[Start of section]

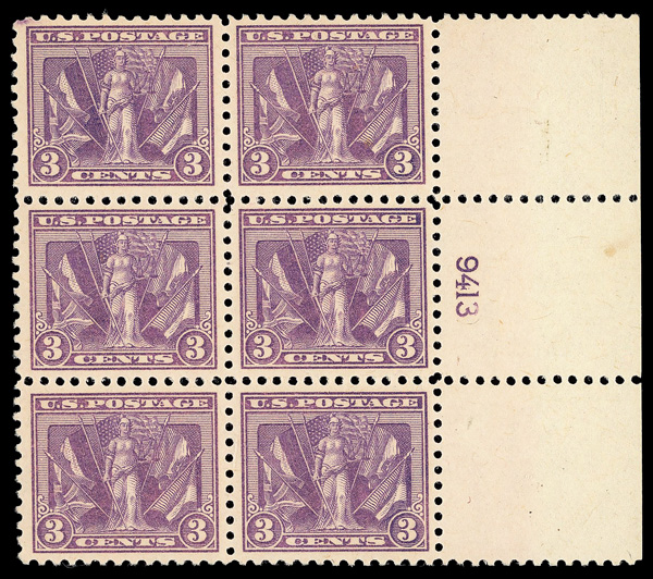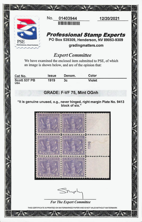 5314 nhbl 537 image1919, 3¢ Victory, violet (Scott 537), plate block of 6, o.g., never hinged, Very Fine, with 2021 P.S.E. certificate.
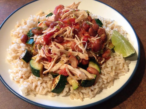 Cook on low for 10 hours or on high for 6 hours. Half hour before serving, remove chicken and shred. Return chicken to slow cooker and stir in. Adjust salt and seasoning to taste. Serve over brown rice or sprouted wheat tortillas and your favorite toppings.
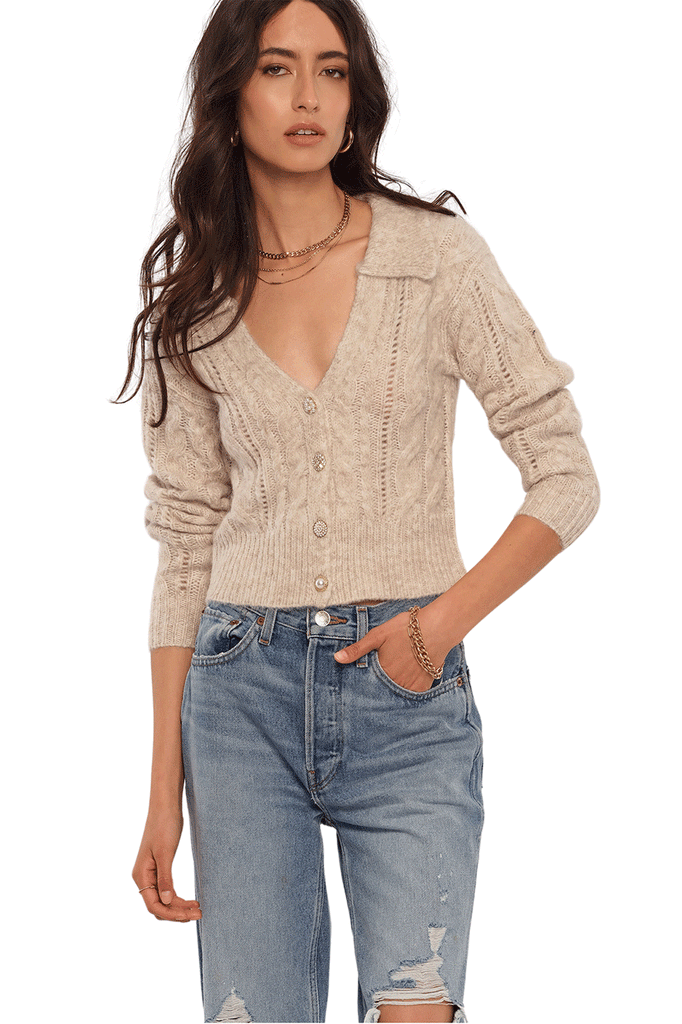 ELYSE CABLED FRINGE SWEATER CARDIGAN
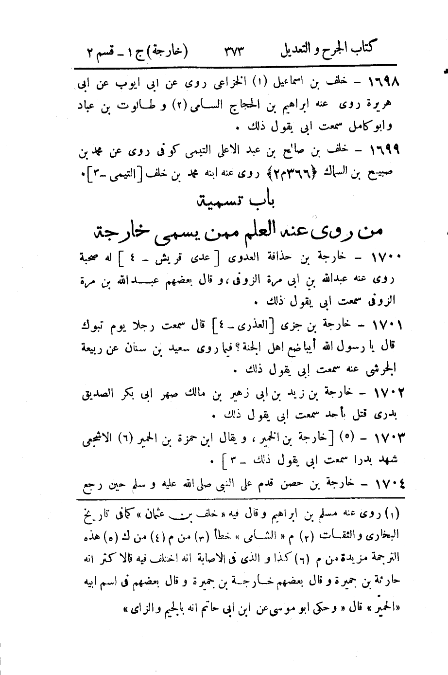 - باب تسمية من رُوي عنه العلم مِمَّن يُسَمَّى خارجة.
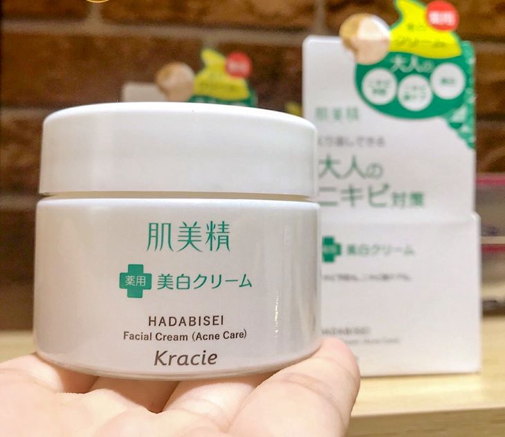 - Kem dưỡng da trị mụn Kracie Hadabisei Facial Cream (Acne Care) dùng tốt cả ngày và đêm.
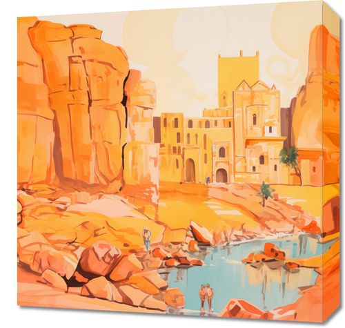 Obraz z serii abstrakcja zatytułowany Ruiny pod Słońcem. Ta ilustracja przedstawia scenę z antycznymi ruinami w ciepłej, pastelowej palecie kolorów, która oddaje odczucie spiekoty i światła słonecznego. Zarysy starożytnej architektury wyrastają z pustynnego krajobrazu, nadając scenerii poczucie wieczności i historii. Odbicie wody i subtelne sylwetki postaci w tle wprowadzają ludzki wymiar do tej scenerii, sugerując trwającą obecność i ciągłość cywilizacji. Obraz ten idealnie wprowadzi do każdego wnętrza element przygody i odkryć, inspirowany podróżami i historią, idealny dla przestrzeni publicznych, biur podróży, a także jako dekoracja w domach miłośników historii.
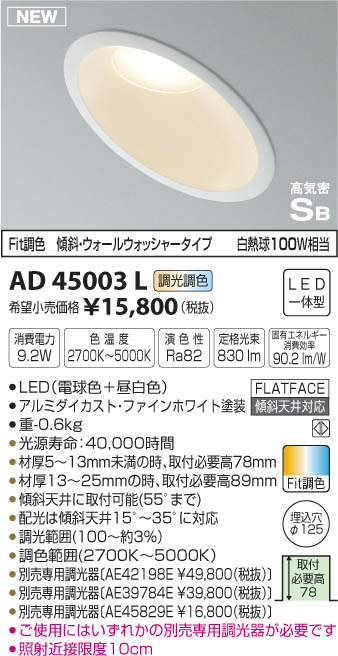 | 補足・注意事項 | ◆消費電力:9.2W ◆色温度:2700K ◆演色性:Ra82 ◆光源寿命:40,000時間 ◆材厚5~13mm未満の時、取付必要高78mm ◆材厚13~25mmの時、取付必要高89mm ◆傾斜天井に取付可能(55°まで) ◆配光は傾斜天井15°~35°に対応 ◆調光範囲(100~約3%) ◆調色範囲(2700K~5000K) ◆別売専用調光器〔AE42198E \49,800(税抜)〕 ◆別売専用調光器〔AE39784E \39,800(税抜)〕 ◆別売専用調光器〔AE45829E \16,800(税抜)〕 ◆別売専用調光器〔AE42198E \49,800(税抜)〕 ◆別売専用調光器〔AE39784E \39,800(税抜)〕 ◆別売専用調光器〔AE45829E \16,800(税抜)〕 ◆ご使用にはいずれかの別売専用調光器が必要です ◆照射近接限度10cm ※色温度:2700~5000K ※白熱球100W相当 |
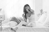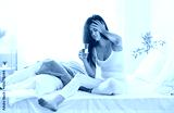 Portrait of a young upset woman suffering from headache disease sitting on bed in bedroom at home holding glass of water. Sick female person feeling stressed or migraine in the morning.
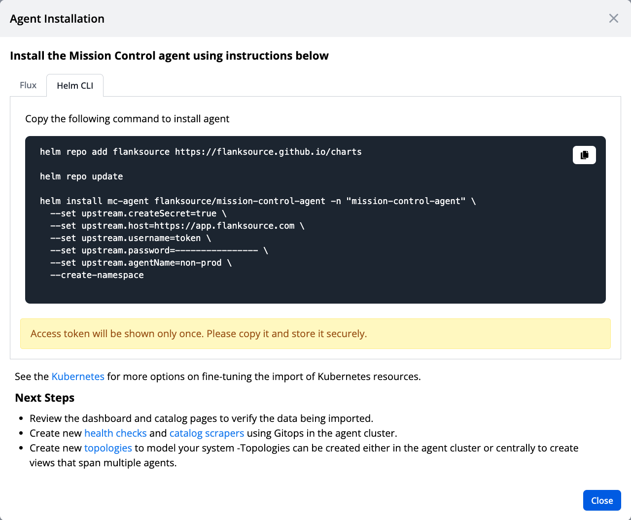 The recommended way of installing an agent is generating the Helm/Flux install script on the UI:

[End of section]

• **To do**
With the pictures stripped out, return each record word for word.

• **Solution to this task**
 5314 nhbl 537 image1919, 3¢ Victory, violet (Scott 537), plate block of 6, o.g., never hinged, Very Fine, with 2021 P.S.E. certificate.
 Cook on low for 10 hours or on high for 6 hours. Half hour before serving, remove chicken and shred. Return chicken to slow cooker and stir in. Adjust salt and seasoning to taste. Serve over brown rice or sprouted wheat tortillas and your favorite toppings.
 ELYSE CABLED FRINGE SWEATER CARDIGAN
 - باب تسمية من رُوي عنه العلم مِمَّن يُسَمَّى خارجة.
 - Kem dưỡng da trị mụn Kracie Hadabisei Facial Cream (Acne Care) dùng tốt cả ngày và đêm.
 Obraz z serii abstrakcja zatytułowany Ruiny pod Słońcem. Ta ilustracja przedstawia scenę z antycznymi ruinami w ciepłej, pastelowej palecie kolorów, która oddaje odczucie spiekoty i światła słonecznego. Zarysy starożytnej architektury wyrastają z pustynnego krajobrazu, nadając scenerii poczucie wieczności i historii. Odbicie wody i subtelne sylwetki postaci w tle wprowadzają ludzki wymiar do tej scenerii, sugerując trwającą obecność i ciągłość cywilizacji. Obraz ten idealnie wprowadzi do każdego wnętrza element przygody i odkryć, inspirowany podróżami i historią, idealny dla przestrzeni publicznych, biur podróży, a także jako dekoracja w domach miłośników historii.
 | 補足・注意事項 | ◆消費電力:9.2W ◆色温度:2700K ◆演色性:Ra82 ◆光源寿命:40,000時間 ◆材厚5~13mm未満の時、取付必要高78mm ◆材厚13~25mmの時、取付必要高89mm ◆傾斜天井に取付可能(55°まで) ◆配光は傾斜天井15°~35°に対応 ◆調光範囲(100~約3%) ◆調色範囲(2700K~5000K) ◆別売専用調光器〔AE42198E \49,800(税抜)〕 ◆別売専用調光器〔AE39784E \39,800(税抜)〕 ◆別売専用調光器〔AE45829E \16,800(税抜)〕 ◆別売専用調光器〔AE42198E \49,800(税抜)〕 ◆別売専用調光器〔AE39784E \39,800(税抜)〕 ◆別売専用調光器〔AE45829E \16,800(税抜)〕 ◆ご使用にはいずれかの別売専用調光器が必要です ◆照射近接限度10cm ※色温度:2700~5000K ※白熱球100W相当 |
 Portrait of a young upset woman suffering from headache disease sitting on bed in bedroom at home holding glass of water. Sick female person feeling stressed or migraine in the morning.
 The recommended way of installing an agent is generating the Helm/Flux install script on the UI:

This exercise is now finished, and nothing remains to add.